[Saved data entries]
- Opening Delimiter -
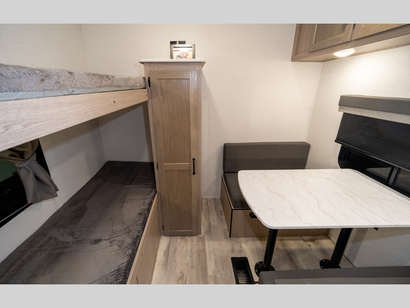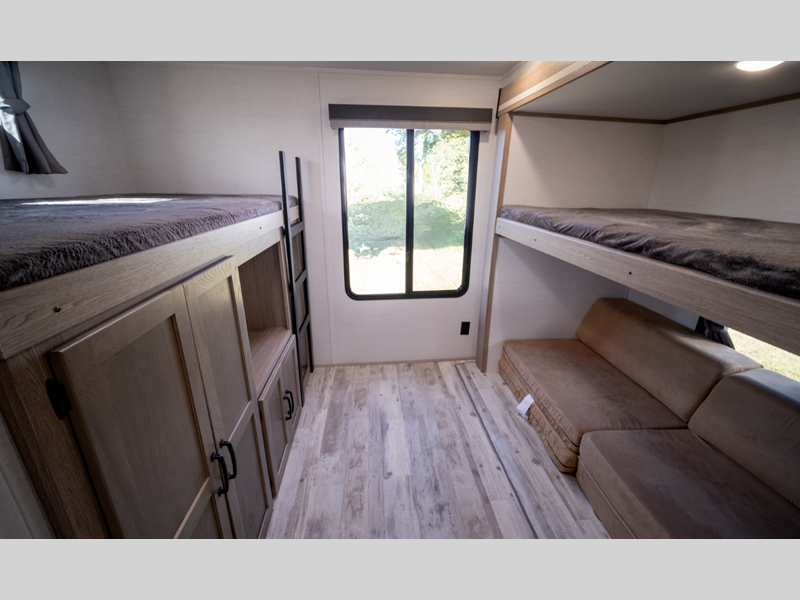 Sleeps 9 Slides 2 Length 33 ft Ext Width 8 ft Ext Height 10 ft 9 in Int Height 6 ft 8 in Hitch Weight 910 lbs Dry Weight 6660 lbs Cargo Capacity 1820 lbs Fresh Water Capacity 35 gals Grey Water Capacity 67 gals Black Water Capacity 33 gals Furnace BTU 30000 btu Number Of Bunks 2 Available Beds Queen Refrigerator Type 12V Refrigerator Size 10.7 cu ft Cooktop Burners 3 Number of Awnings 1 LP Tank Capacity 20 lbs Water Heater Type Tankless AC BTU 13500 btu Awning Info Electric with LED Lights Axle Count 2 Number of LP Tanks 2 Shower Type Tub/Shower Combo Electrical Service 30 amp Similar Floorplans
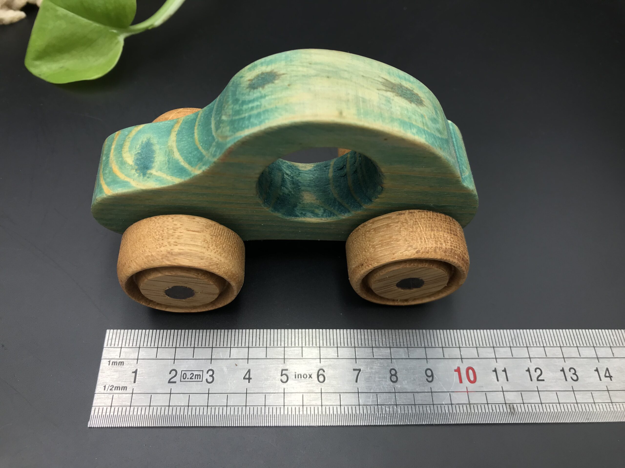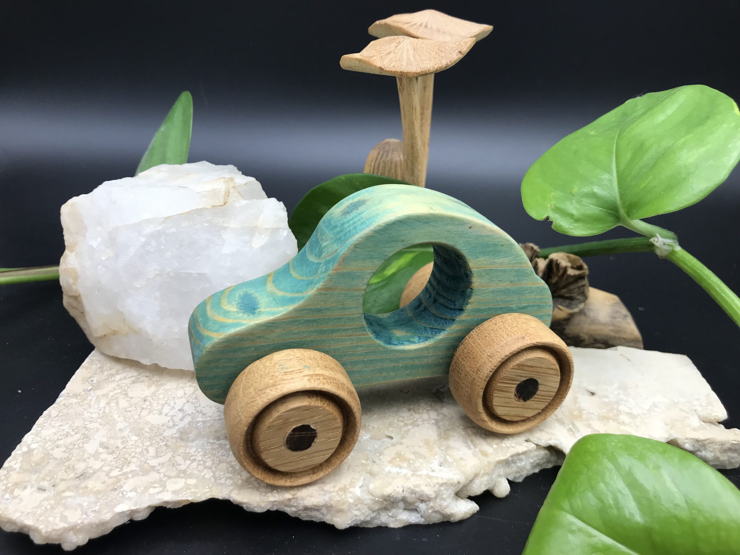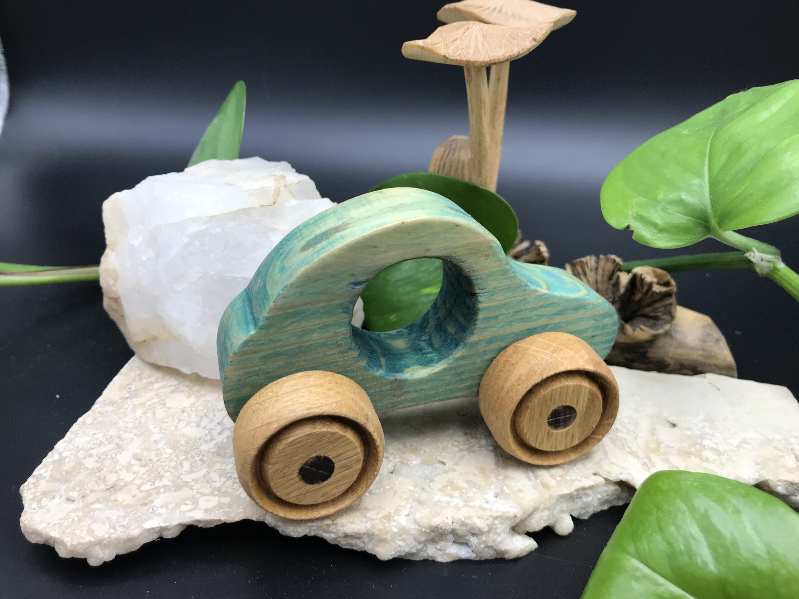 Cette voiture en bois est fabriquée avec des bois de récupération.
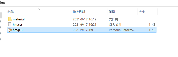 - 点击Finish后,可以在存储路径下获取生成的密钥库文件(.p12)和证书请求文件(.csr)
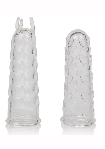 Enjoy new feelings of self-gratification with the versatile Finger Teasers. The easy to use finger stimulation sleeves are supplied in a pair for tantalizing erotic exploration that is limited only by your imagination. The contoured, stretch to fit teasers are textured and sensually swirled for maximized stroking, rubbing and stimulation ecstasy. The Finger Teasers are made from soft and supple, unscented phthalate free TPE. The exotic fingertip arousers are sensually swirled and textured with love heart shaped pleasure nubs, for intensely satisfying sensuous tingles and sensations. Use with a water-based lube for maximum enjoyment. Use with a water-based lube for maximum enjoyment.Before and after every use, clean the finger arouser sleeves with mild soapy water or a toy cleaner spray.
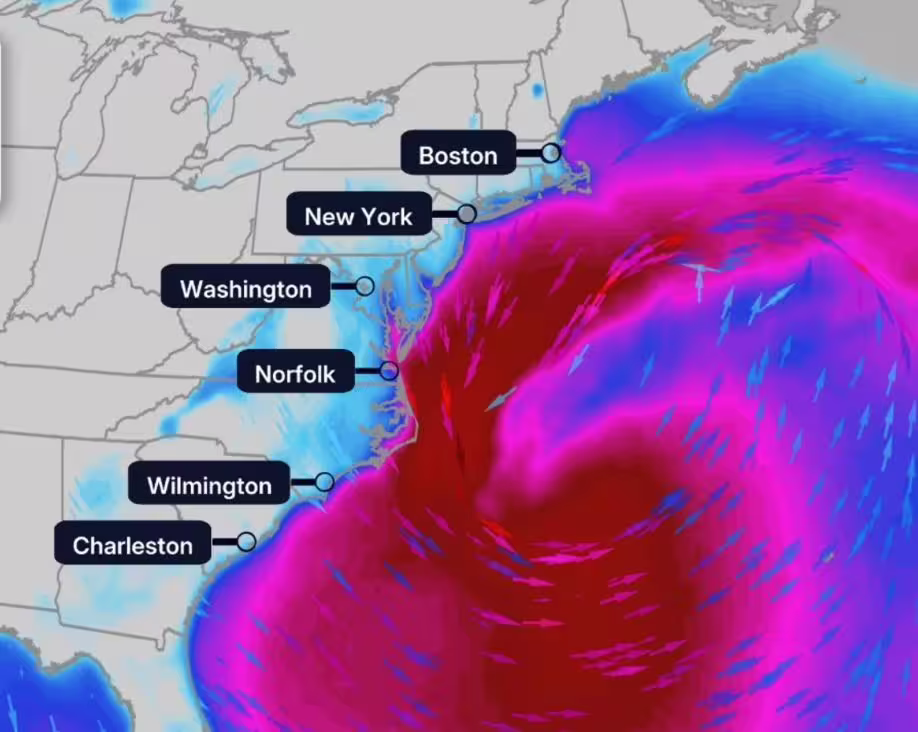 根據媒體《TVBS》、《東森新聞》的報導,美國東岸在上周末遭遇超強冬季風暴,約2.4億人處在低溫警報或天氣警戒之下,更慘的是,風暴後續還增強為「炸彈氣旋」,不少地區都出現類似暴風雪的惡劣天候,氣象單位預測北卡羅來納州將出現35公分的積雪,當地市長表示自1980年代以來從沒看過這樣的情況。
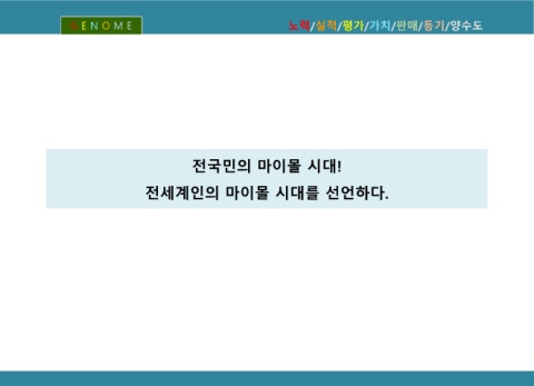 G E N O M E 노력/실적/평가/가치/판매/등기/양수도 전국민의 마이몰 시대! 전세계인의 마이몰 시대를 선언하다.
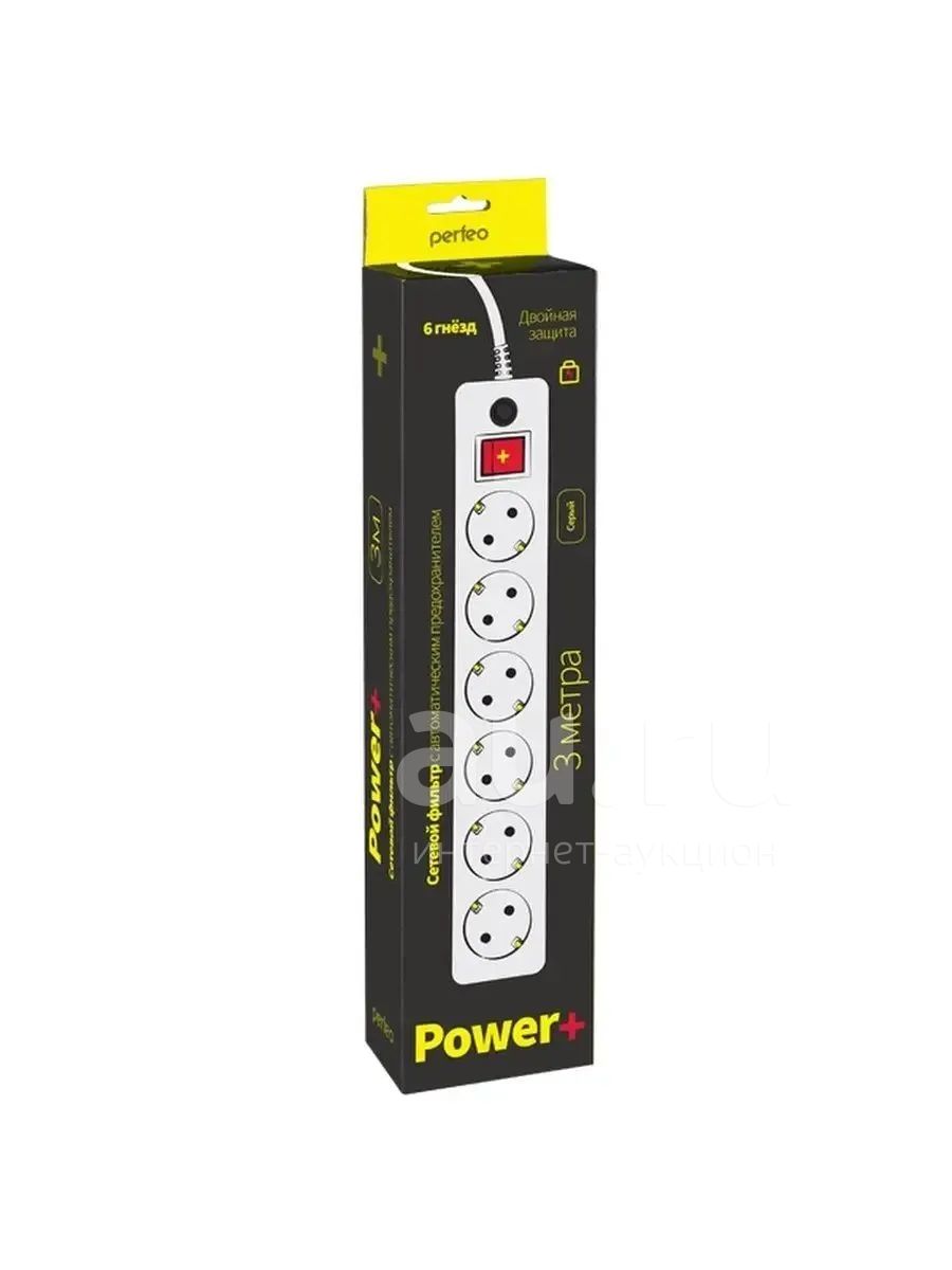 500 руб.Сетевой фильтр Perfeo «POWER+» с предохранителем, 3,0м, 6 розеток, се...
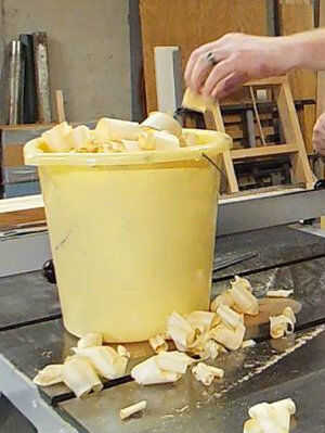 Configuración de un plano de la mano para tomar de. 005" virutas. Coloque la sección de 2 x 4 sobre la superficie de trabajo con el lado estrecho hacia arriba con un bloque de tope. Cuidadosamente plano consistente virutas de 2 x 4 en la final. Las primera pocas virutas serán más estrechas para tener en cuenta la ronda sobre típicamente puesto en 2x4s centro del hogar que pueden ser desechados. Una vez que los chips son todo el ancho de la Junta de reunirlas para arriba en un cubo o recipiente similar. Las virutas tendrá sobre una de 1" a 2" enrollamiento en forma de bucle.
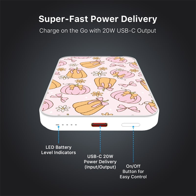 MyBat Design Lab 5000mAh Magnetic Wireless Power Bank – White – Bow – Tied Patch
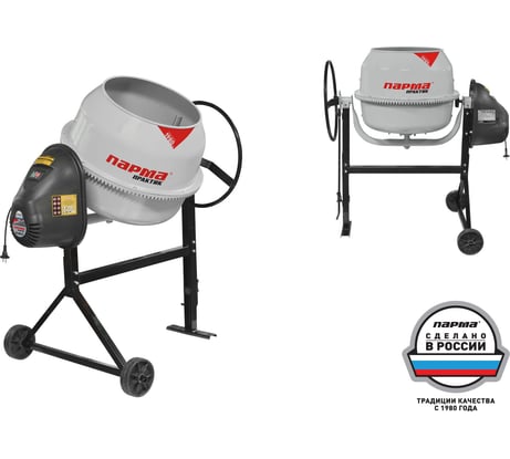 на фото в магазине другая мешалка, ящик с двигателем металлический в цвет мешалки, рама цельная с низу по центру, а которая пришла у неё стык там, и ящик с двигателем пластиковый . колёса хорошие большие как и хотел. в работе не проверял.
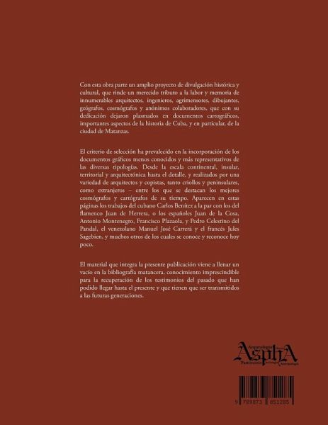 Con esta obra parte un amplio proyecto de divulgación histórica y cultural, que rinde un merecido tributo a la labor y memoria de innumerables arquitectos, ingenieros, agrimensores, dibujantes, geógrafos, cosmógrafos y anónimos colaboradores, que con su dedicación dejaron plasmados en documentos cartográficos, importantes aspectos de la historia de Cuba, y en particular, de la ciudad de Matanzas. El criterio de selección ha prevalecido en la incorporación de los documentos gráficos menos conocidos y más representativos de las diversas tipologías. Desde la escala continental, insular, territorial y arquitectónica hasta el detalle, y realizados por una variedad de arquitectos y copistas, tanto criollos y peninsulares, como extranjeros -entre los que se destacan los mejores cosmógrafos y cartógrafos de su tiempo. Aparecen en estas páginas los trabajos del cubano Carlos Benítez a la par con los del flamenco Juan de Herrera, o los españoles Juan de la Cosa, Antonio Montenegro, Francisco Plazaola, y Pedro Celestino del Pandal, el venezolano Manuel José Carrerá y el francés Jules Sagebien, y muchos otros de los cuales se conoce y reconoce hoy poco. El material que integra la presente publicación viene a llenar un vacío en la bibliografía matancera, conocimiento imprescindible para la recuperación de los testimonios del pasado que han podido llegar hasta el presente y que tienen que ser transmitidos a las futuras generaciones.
- Closing Delimiter -
EXERCISE: Print exactly the lines above that run from the one with "G E N O M E" to the one with "500 руб.Сетевой фильтр", both included. No pictures.

RESULT FOR THIS TASK:
 G E N O M E 노력/실적/평가/가치/판매/등기/양수도 전국민의 마이몰 시대! 전세계인의 마이몰 시대를 선언하다.
 500 руб.Сетевой фильтр Perfeo «POWER+» с предохранителем, 3,0м, 6 розеток, се...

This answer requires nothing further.